> Records supplied
◇ ◇ ◇ ◇ ◇

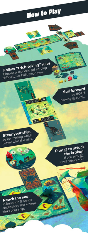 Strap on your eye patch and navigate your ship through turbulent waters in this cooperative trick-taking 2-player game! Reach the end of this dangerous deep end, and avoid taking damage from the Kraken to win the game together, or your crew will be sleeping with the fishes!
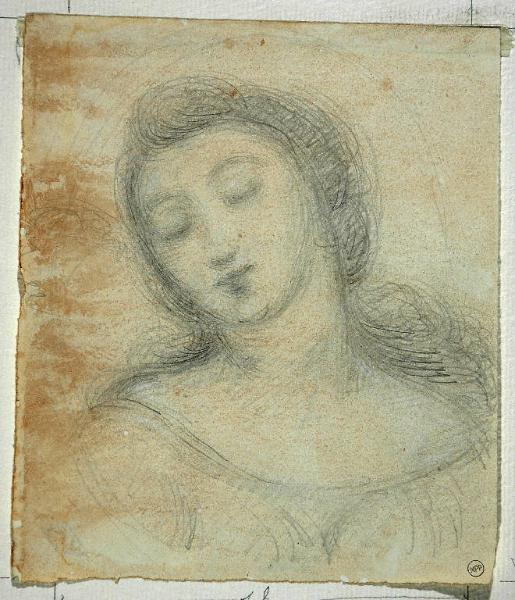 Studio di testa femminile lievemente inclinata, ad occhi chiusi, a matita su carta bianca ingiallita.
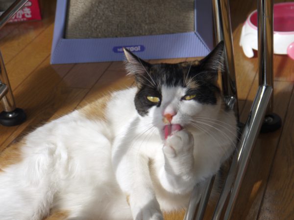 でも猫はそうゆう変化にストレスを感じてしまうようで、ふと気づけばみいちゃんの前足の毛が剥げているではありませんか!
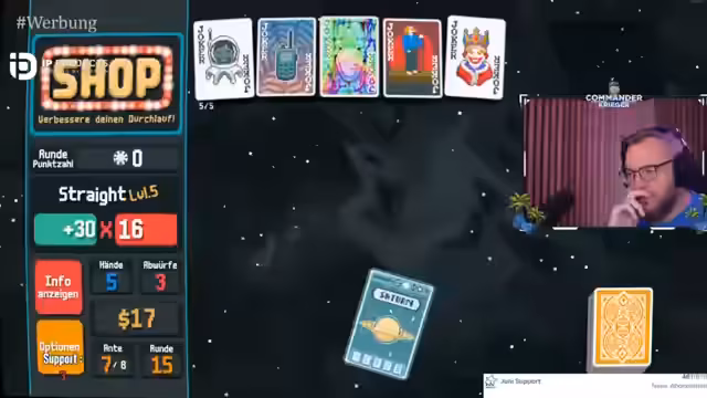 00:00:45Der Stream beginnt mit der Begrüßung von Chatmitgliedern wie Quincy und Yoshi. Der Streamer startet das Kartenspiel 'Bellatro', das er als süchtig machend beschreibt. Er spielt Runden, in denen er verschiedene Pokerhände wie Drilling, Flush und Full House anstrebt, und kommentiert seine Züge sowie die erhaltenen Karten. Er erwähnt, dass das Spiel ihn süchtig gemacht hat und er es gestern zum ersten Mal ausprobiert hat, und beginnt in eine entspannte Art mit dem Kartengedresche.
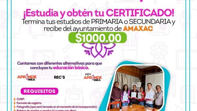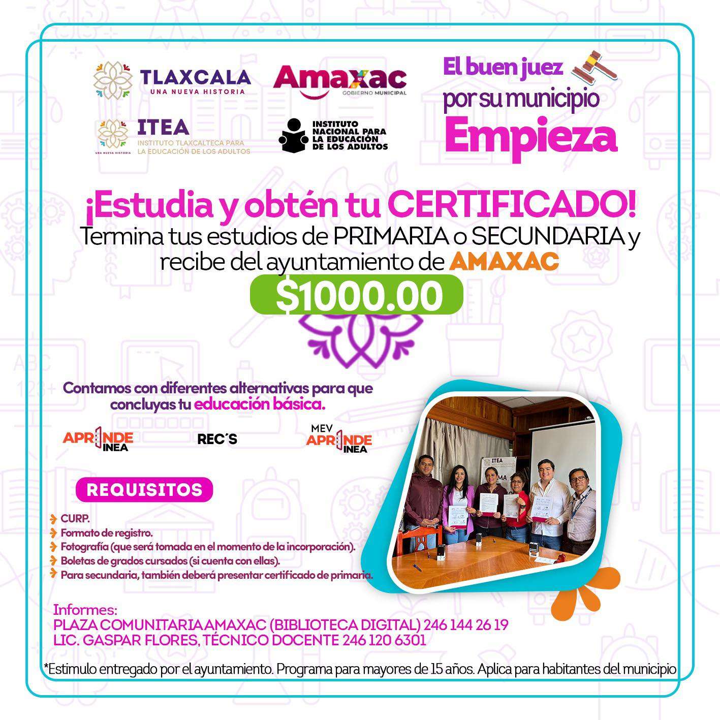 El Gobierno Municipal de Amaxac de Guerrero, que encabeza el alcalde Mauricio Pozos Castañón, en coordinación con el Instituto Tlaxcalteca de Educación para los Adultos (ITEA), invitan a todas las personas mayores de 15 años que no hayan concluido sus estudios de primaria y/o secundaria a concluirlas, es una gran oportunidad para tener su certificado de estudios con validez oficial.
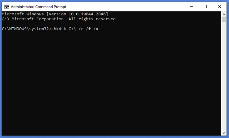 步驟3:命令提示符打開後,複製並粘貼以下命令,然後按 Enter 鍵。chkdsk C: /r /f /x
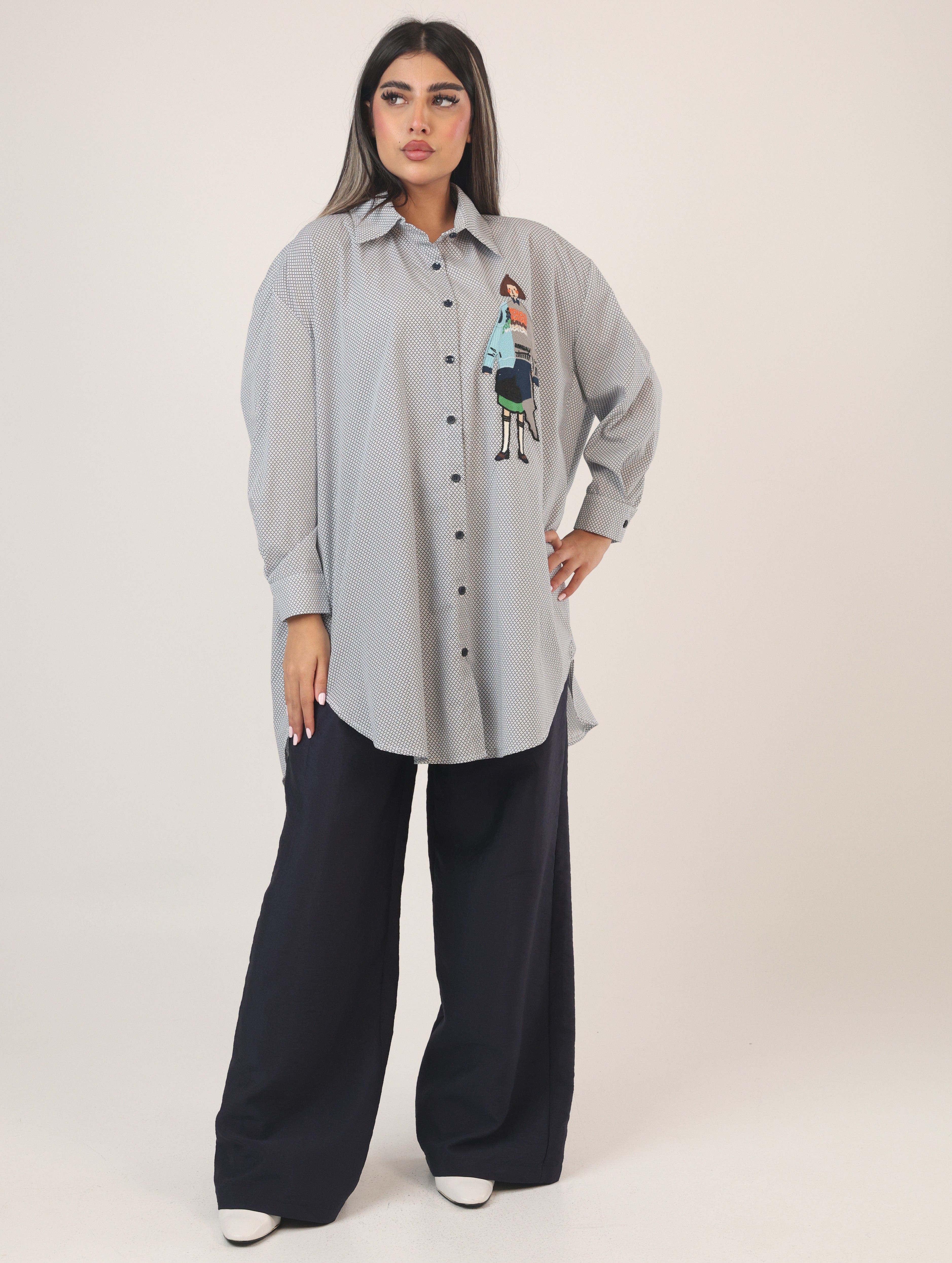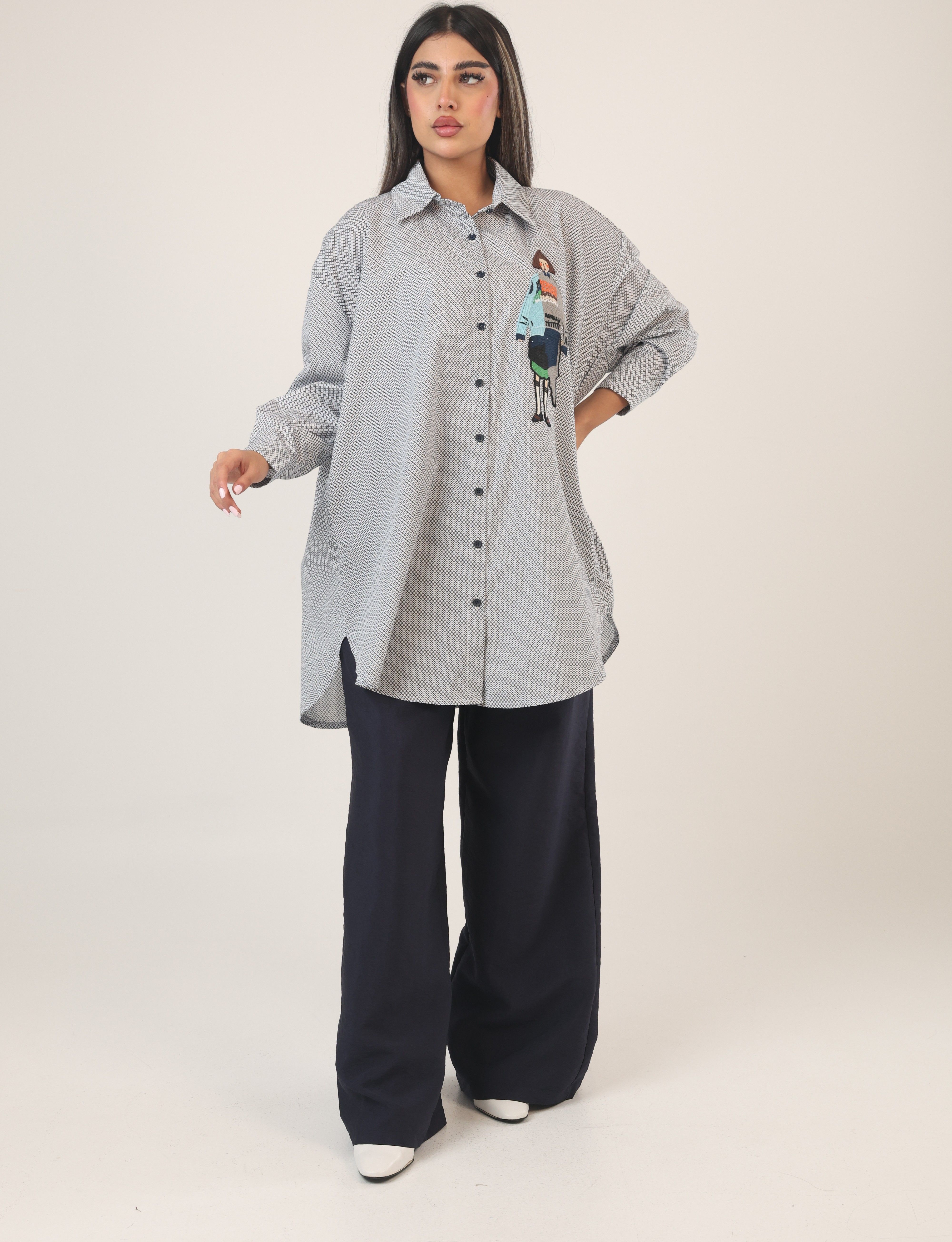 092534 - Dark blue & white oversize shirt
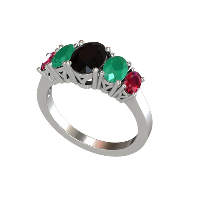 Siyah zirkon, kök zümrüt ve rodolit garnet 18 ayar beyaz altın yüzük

◇ ◇ ◇ ◇ ◇

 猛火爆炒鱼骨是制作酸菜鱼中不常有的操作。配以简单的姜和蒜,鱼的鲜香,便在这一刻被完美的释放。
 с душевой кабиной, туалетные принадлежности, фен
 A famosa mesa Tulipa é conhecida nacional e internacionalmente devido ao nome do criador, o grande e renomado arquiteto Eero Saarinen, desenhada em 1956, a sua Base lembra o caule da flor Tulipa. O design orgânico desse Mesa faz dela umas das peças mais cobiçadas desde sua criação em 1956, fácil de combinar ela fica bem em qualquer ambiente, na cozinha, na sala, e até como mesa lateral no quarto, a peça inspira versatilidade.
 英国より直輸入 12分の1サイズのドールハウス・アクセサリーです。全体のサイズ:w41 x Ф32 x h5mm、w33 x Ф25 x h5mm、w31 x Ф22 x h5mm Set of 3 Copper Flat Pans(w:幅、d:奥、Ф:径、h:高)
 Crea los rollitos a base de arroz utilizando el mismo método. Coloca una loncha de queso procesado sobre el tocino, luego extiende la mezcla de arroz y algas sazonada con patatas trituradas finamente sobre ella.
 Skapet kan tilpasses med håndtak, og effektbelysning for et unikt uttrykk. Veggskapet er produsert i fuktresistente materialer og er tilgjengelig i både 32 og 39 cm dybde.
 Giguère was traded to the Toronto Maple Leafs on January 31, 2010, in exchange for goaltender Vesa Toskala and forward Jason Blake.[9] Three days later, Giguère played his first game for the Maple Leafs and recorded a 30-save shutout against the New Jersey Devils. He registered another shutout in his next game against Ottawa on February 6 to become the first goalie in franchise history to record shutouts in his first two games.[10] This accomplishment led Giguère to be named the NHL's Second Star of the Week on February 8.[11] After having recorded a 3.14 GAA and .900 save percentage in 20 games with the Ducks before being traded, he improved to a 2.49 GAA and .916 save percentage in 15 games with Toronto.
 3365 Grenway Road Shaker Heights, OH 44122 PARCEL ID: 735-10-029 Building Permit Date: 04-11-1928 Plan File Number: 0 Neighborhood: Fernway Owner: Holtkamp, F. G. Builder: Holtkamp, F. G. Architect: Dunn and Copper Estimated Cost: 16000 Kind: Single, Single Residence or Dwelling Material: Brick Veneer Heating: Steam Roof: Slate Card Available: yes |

◇ ◇ ◇ ◇ ◇

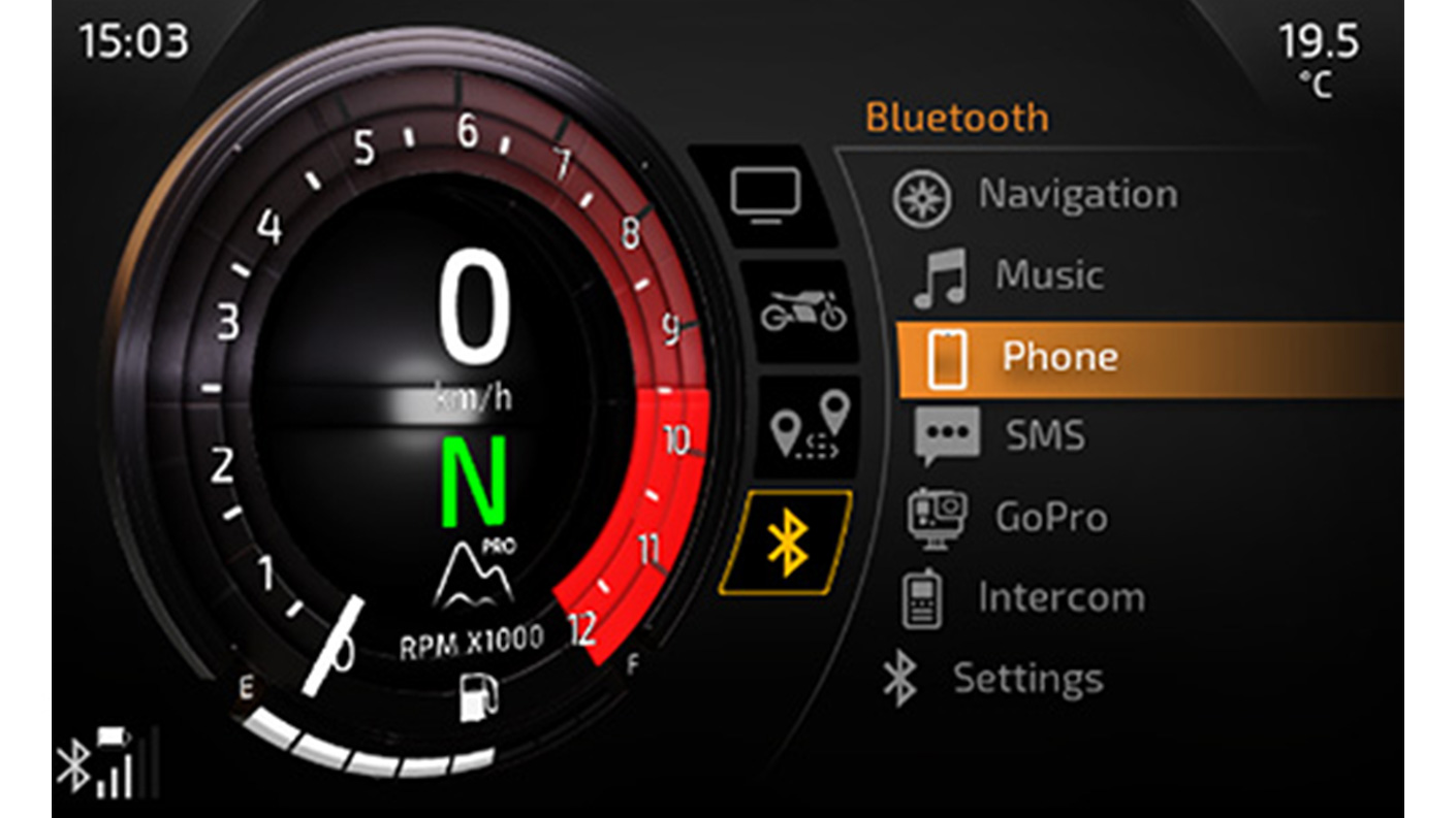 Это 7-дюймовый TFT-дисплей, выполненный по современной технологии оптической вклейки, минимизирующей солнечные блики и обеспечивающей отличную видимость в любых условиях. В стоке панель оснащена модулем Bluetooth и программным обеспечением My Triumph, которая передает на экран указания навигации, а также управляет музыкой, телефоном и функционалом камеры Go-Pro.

◇ ◇ ◇ ◇ ◇

I would like the exact lines from the data above, starting with the one that holds "Studio di testa" and going on through the one that holds "Siyah zirkon, kök", without the pictures.

 Studio di testa femminile lievemente inclinata, ad occhi chiusi, a matita su carta bianca ingiallita.
 でも猫はそうゆう変化にストレスを感じてしまうようで、ふと気づけばみいちゃんの前足の毛が剥げているではありませんか!
 00:00:45Der Stream beginnt mit der Begrüßung von Chatmitgliedern wie Quincy und Yoshi. Der Streamer startet das Kartenspiel 'Bellatro', das er als süchtig machend beschreibt. Er spielt Runden, in denen er verschiedene Pokerhände wie Drilling, Flush und Full House anstrebt, und kommentiert seine Züge sowie die erhaltenen Karten. Er erwähnt, dass das Spiel ihn süchtig gemacht hat und er es gestern zum ersten Mal ausprobiert hat, und beginnt in eine entspannte Art mit dem Kartengedresche.
 El Gobierno Municipal de Amaxac de Guerrero, que encabeza el alcalde Mauricio Pozos Castañón, en coordinación con el Instituto Tlaxcalteca de Educación para los Adultos (ITEA), invitan a todas las personas mayores de 15 años que no hayan concluido sus estudios de primaria y/o secundaria a concluirlas, es una gran oportunidad para tener su certificado de estudios con validez oficial.
 步驟3:命令提示符打開後,複製並粘貼以下命令,然後按 Enter 鍵。chkdsk C: /r /f /x
 092534 - Dark blue & white oversize shirt
 Siyah zirkon, kök zümrüt ve rodolit garnet 18 ayar beyaz altın yüzük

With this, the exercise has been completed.